We danced around the edges of set theory. Symbolic logic. Combinatorial and sequential logic (especially as applies to logic circuit design). Examples of a few families of type systems, how to use them, and the practical differences between them. We didn't tend to dive deeply into the mathematical underpinnings.
Distinctly unimpressed by this post. The author seems to have an axe to grind with mathematicians as a class, which, as we would have been told in school, isn't 'big or clever'.
The whole of programming, nevermind types, perhaps the most mathematical part of modern programming, arises from mathematics. There's some good history here, but the early paragraphs in particular are a display of ignorance if not arrogance.
The author quotes Newton, the very chap who's said to have said he merely stood on the shoulders of giants (to 'see' such insight). Any programmer in the 21st century stands on the shoulders of mathematicians and computer scientists of the 20th,; who were in turn standing on the shoulders of the mathematicians of the 19th centuries.
>"Distinctly unimpressed by this post. The author seems to have an axe to grind with mathematicians as a class, which, as we would have been told in school, isn't 'big or clever'."
I thought it was intended to speak to people who might be intimidated or feel obtuse when they encounter really dense academic texts when trying to learn more about type systems as it relates to programming. As such I really appreciated it.
I didn't think the author was grinding any axes at all, quite the contrary.
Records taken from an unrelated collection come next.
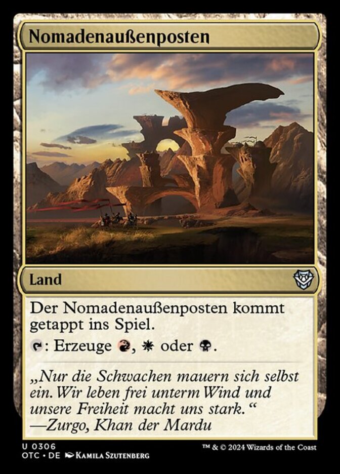 | Rules | Nomad Outpost enters the battlefield tapped. : Add , , or . |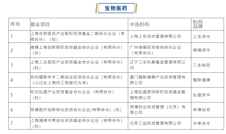 上述7只基金合计提供上海储备投资项目近30项,拟投资金额合计超10亿元。拟投资项目包括基因细胞治疗、核药、脑机接口、合成生物学等赛道,体现上海生物医药先导产业鼓励创新策源、发挥龙头效应的特点。此外,7只基金合计提供上海招引项目十余项,覆盖国内龙头上市公司投资/孵化公司,放大上海生物医药全球化效应。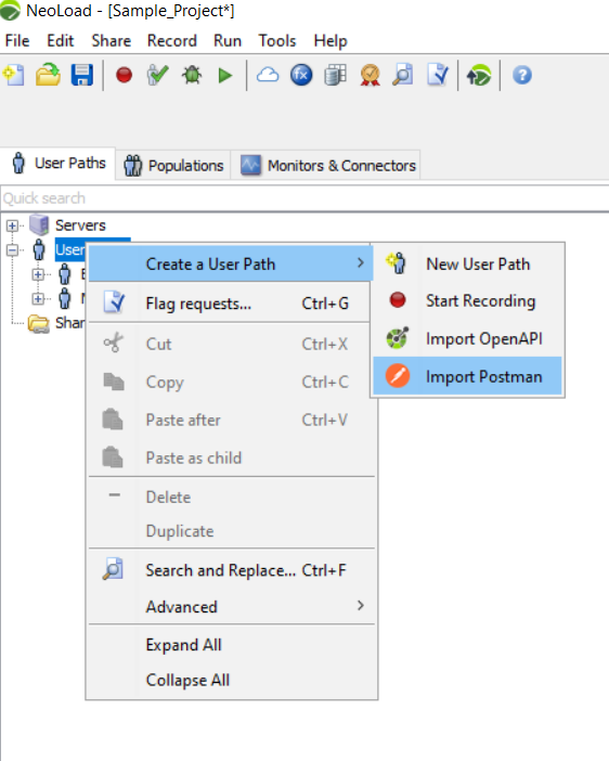 To start importing a Postman collection in NeoLoad, follow these steps: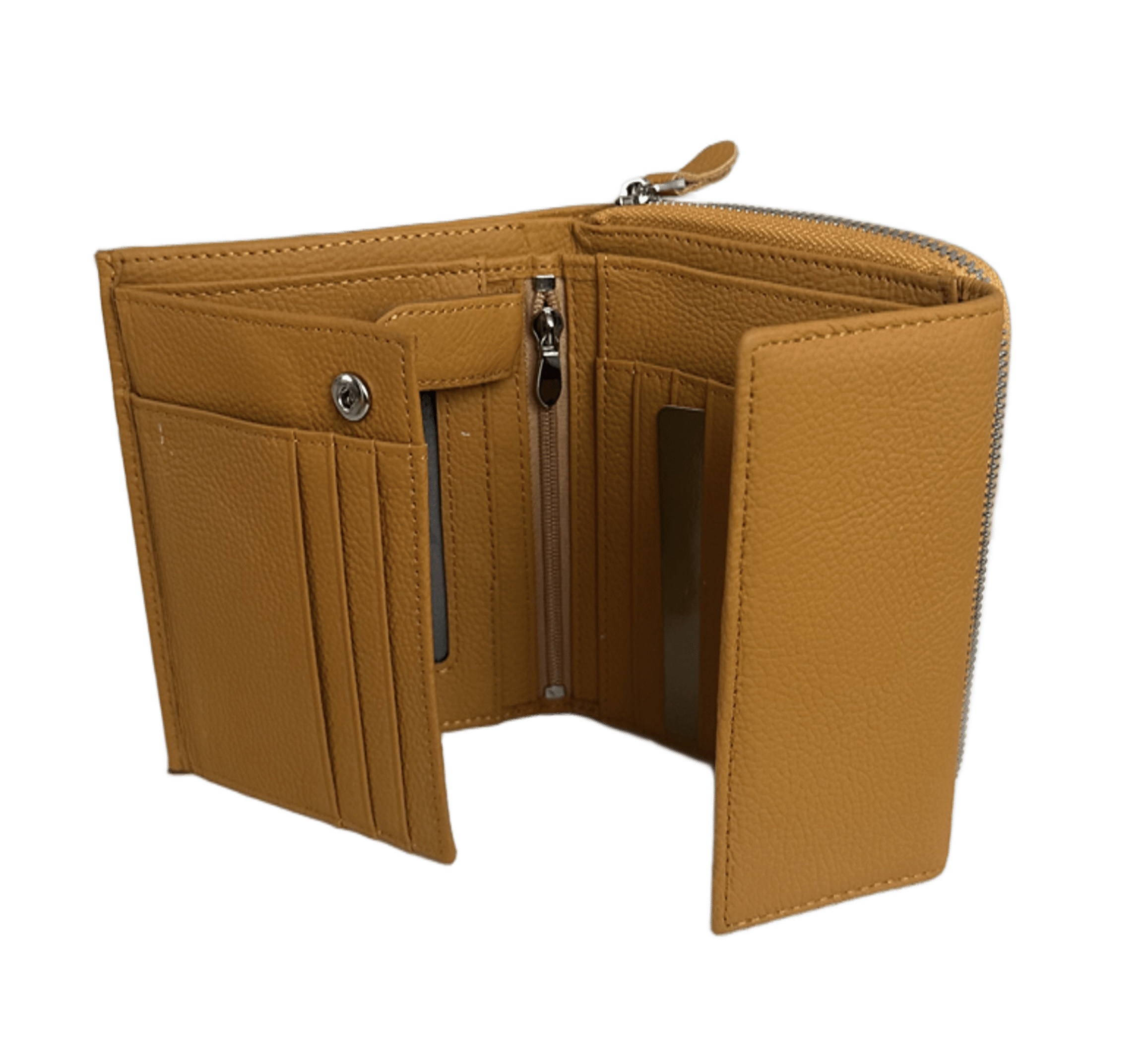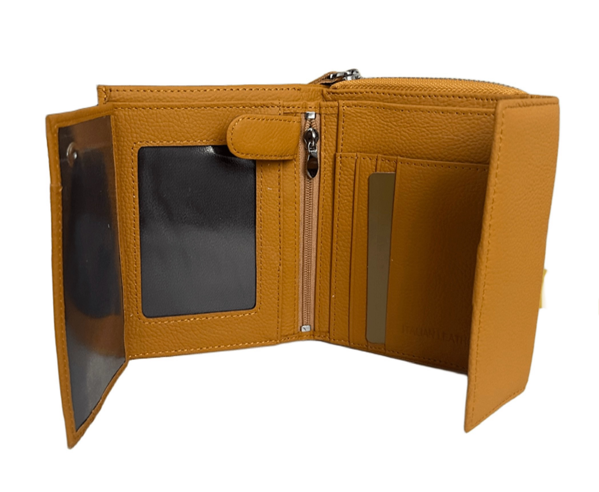 Дамски портфейл изработен от висококачествена естествена кожа в цвят горчица. Портфейла разполага с едно отделение за банкноти, отделение за монети затварящо се посредством цип, 12 отделения за карти/документи.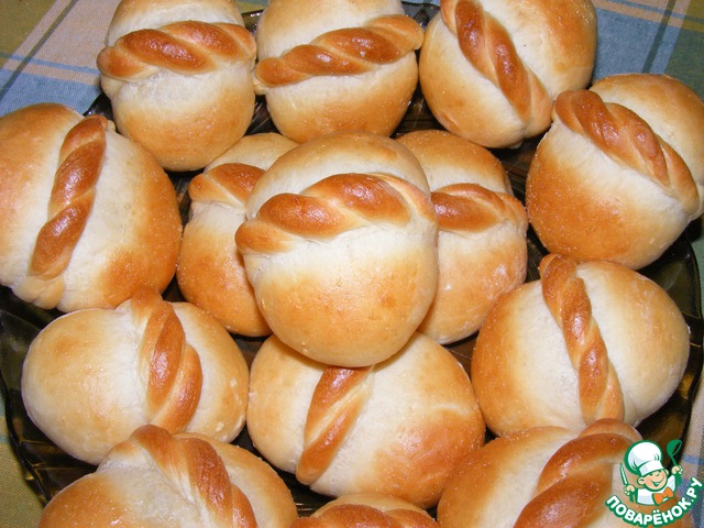 Выпекаем булочки в духовке при температуре 190 градусов до красивого золотистого цвета. Попробуйте, получаются очень мягкие и вкусные булочки! Приятного Вам аппетита!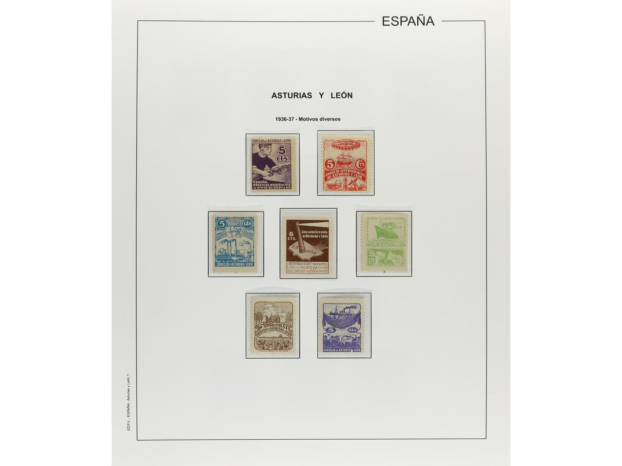 LOTES y COLECCIONES. BARCELONA y ASTURIAS y LEON. Colección en hojas Edifil. Sellos y hojitas con o sin fijasellos. En general, buena calidad. Alguna hoja, pequeños puntos tonalizados. Valor catálogo aprox. 1.900€. Foto en web (ex-2).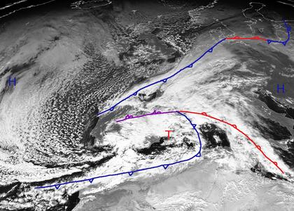 Viele dichte Wolken kennzeichnen heute das Satellitenbild über Europa. Ursache hierfür ist zum einen das Tief 'Sabrina' mit Zentrum über Skandinavien und zum anderen das Tief 'Tine' mit Zentrum über Spanien. Weiter nach Nordwesten zeigen sich einige Schauergebiete, eines davon verläuft westlich an Spanien vorbei auf den afrikanischen Kontinent zu. Die Tiefdruckgebiete verlagern sich nun weiter nach Südosten und machen in Mitteleuropa den Weg frei für kalte Luft aus dem Norden. (Bildquelle: Copyrigt EUMETSAT, NERC Satellite Receiving Station, University of Dundee)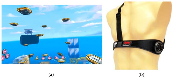 Experiment environment: (a) virtual reality (VR) experiment content; (b) form of the electrocardiography (ECG) sensor.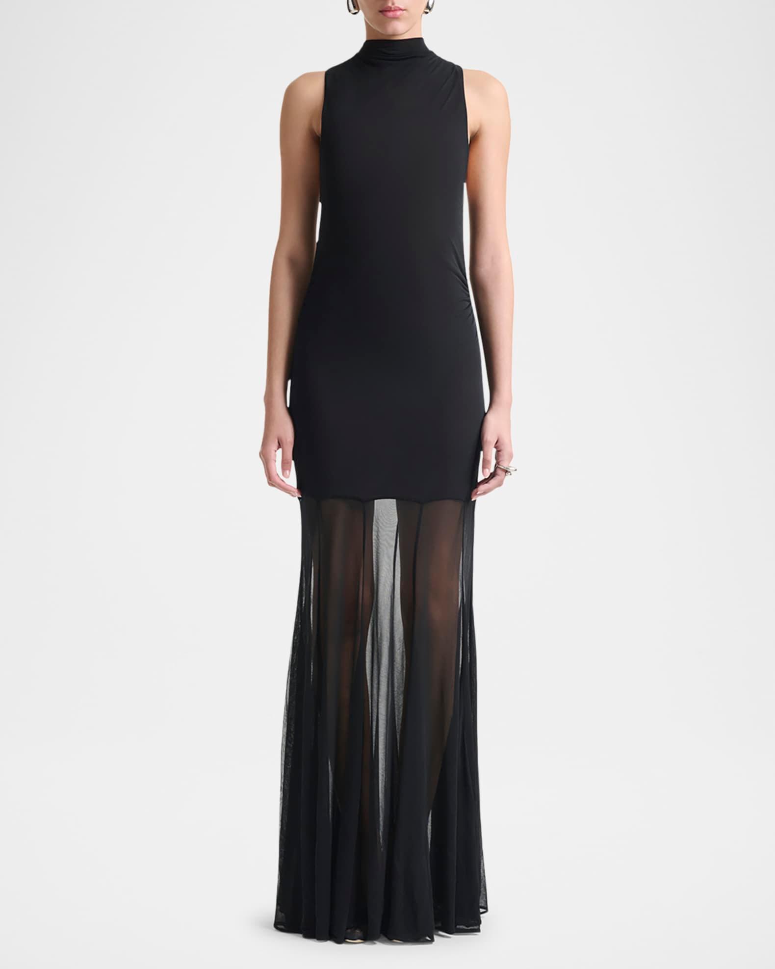 Alicka Turtleneck Sleeveless Sheer Maxi Dress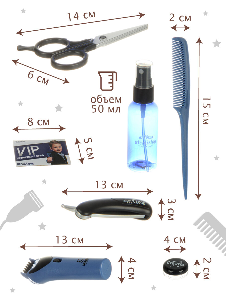 Отзывы на Детский набор "Барбершоп" Veld Co 134050, развивающий, 2 режима работы машинки, 11 предметов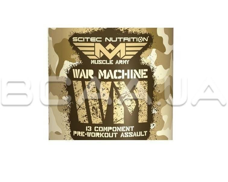 - Scitec Nutrition War Machine - это целый ряд обязательных видов “оружия”, включая L-аргинин (предшественник окисла азота NO), альфа-кетоглутарат, мощную дозу кофеина, бета-аланин, ацетил-L-карнитин, экстракт померанца (источник синефрина) и Bioperine®. Формула не содержит сахара и аспартама.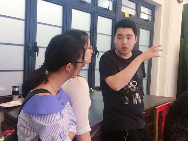 在沈小燕老师的推荐下,次日,“梦回苏昆”团队来到著名的上海昆剧团,受到负责人的热情招待,看见了辛苦训练的童子班和准备演出的专业演员们,进一步了解了昆曲幕后的故事。临走时昆剧团老师们表达了对我们的赞赏和支持,他们希望大学生更多的关注传统艺术,将经典戏曲传承下去。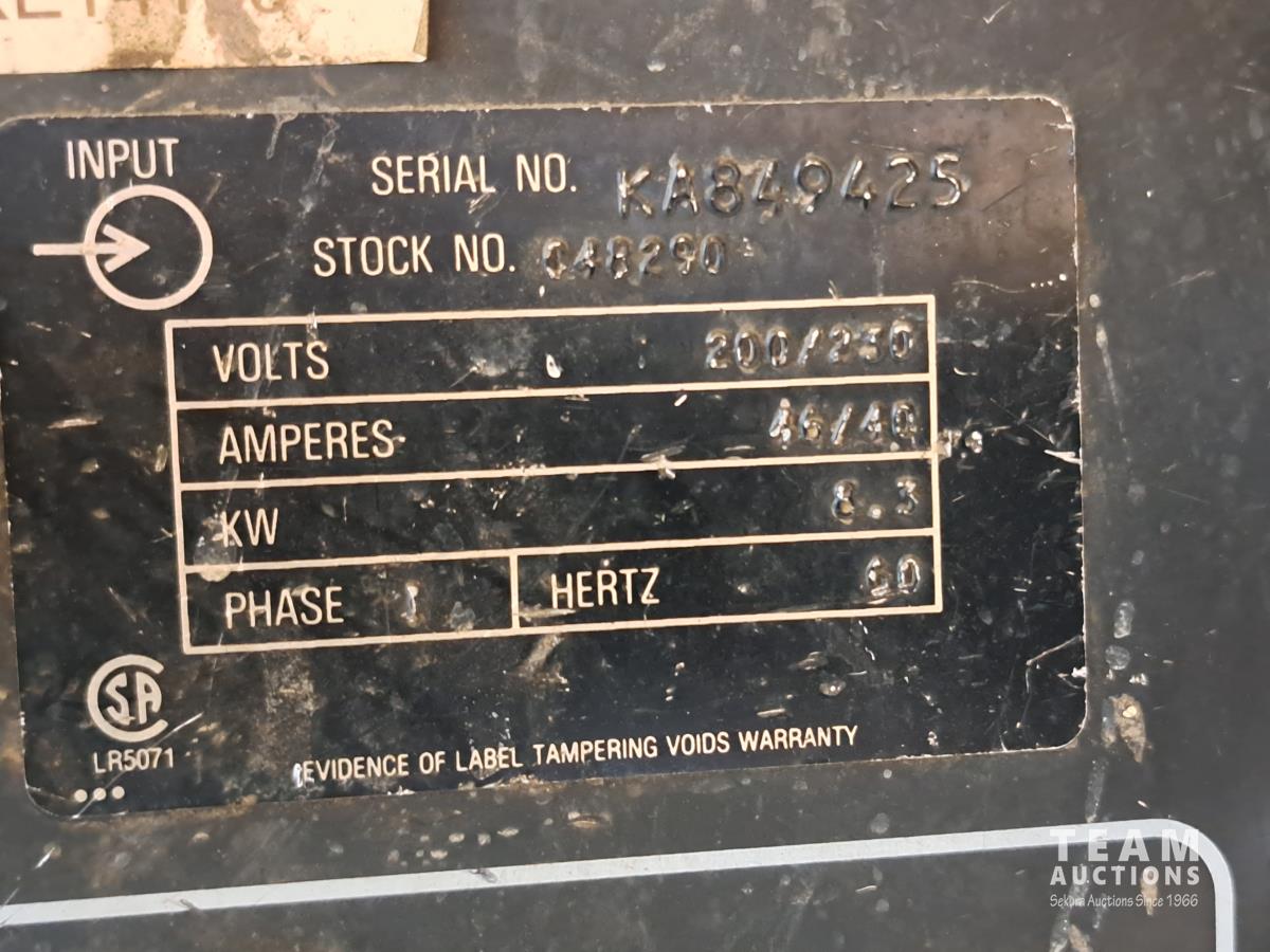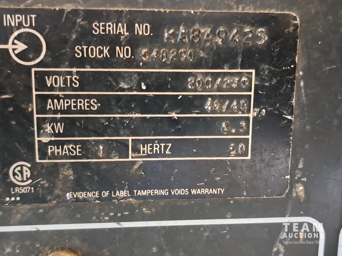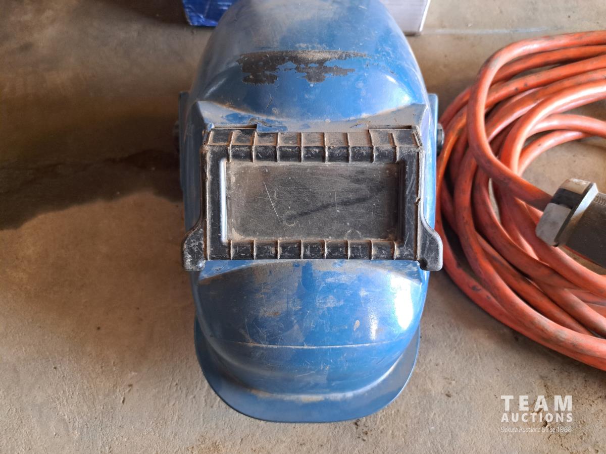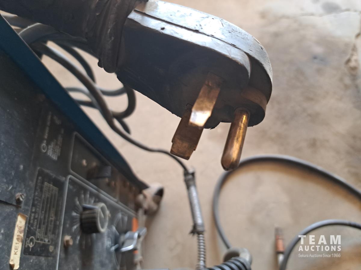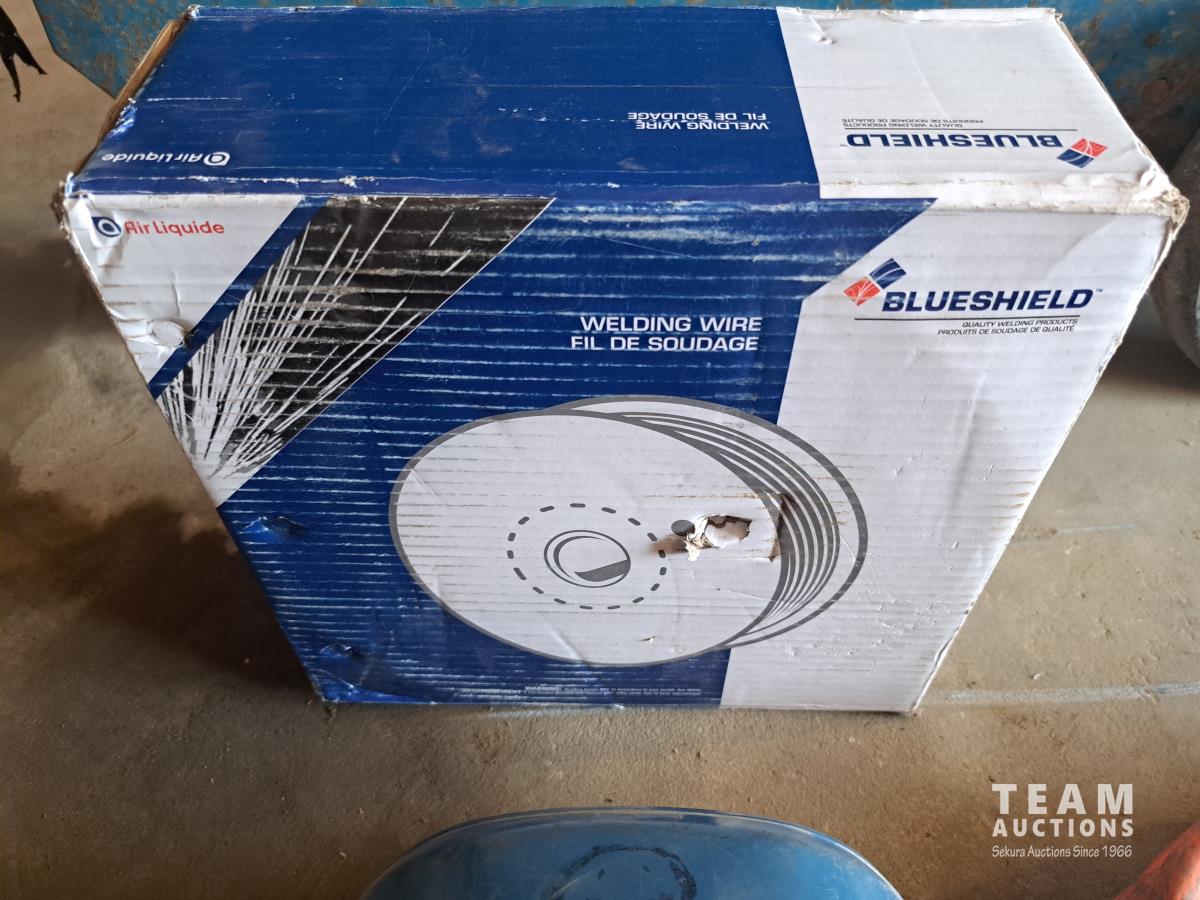 CV-DC Welding power source wire feeder, spectrum 375 cutmate DC plasma cutting system, (1) box blueshield welding wire, welding mask, (1) 30 amp x 20' power cord, (3) bags misc welding supplies and manuals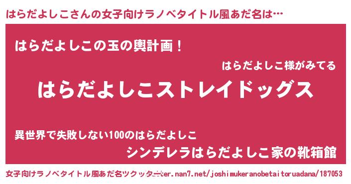 | 男性向けラノベタイトル風あだ名 | 『Re:はらだよしこから始める異世界生活』 |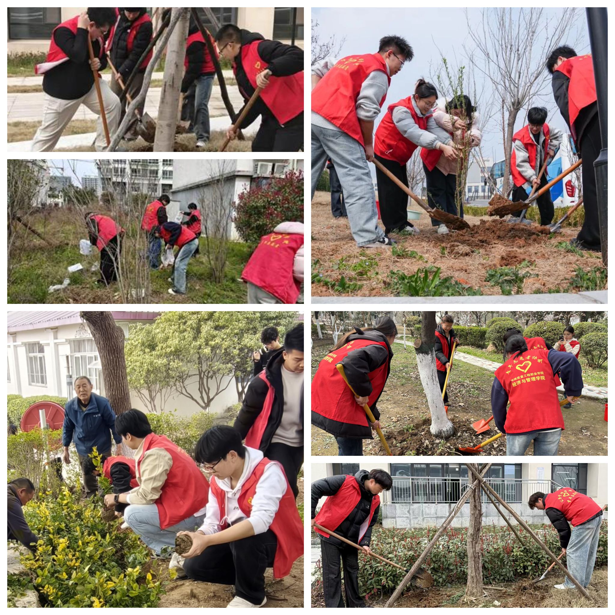 围绕“绿色校园”建设,多学院联动开展专项行动。植树节当天,经济与管理学院、计算机技术学院、信息工程学院、机电工程学院、公共管理学院等同步开展植树护绿、树木养护活动,用汗水浇灌绿色希望。食品与化工学院则另辟蹊径,推出“绿动创想,旧材织梦”创意改造活动,鼓励学生利用废旧材料进行艺术创作,传播环保理念。五年制大专部学生志愿者主动清理校园卫生、整理实训场地、维护公共秩序,以劳动美化校园环境。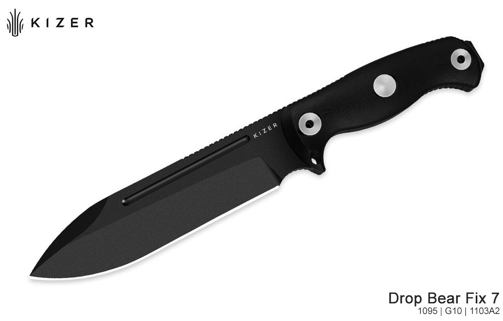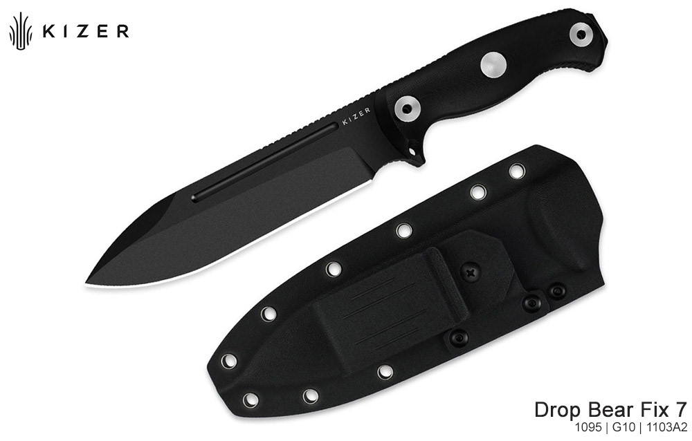 Kizer Drop Bear Fix 7 黑G10柄黑刃直刀 -1095碳鋼(黑色處理)

I've no problem with that, it was the opening quotation, accompanying graphic, and following paragraph which read - to me, though I appreciate I may not have read it as it was intended - quite disrespectfully toward mathematicians.
Among whom I cannot count myself, for whatever it's worth.
I really don't think they have an axe to grind. What do they say that's incorrect? Their point is that much of what we see as type theory is inaccessible to the average programmer.
When we say that some field is inaccessible, we don't blame the reader trying to understand. At the same time we're not saying that the field is wrong either, but that communication could be improved.
https://www.cs.uoregon.edu/research/summerschool/summer15/cu...
Very clean and easy to follow video lectures on the relation between, types, programs, and logical proofs. One does not need functors and monoids to appreciate the beauty of functional type systems. (And to see why such type systems are indeed discovered rather than invented.)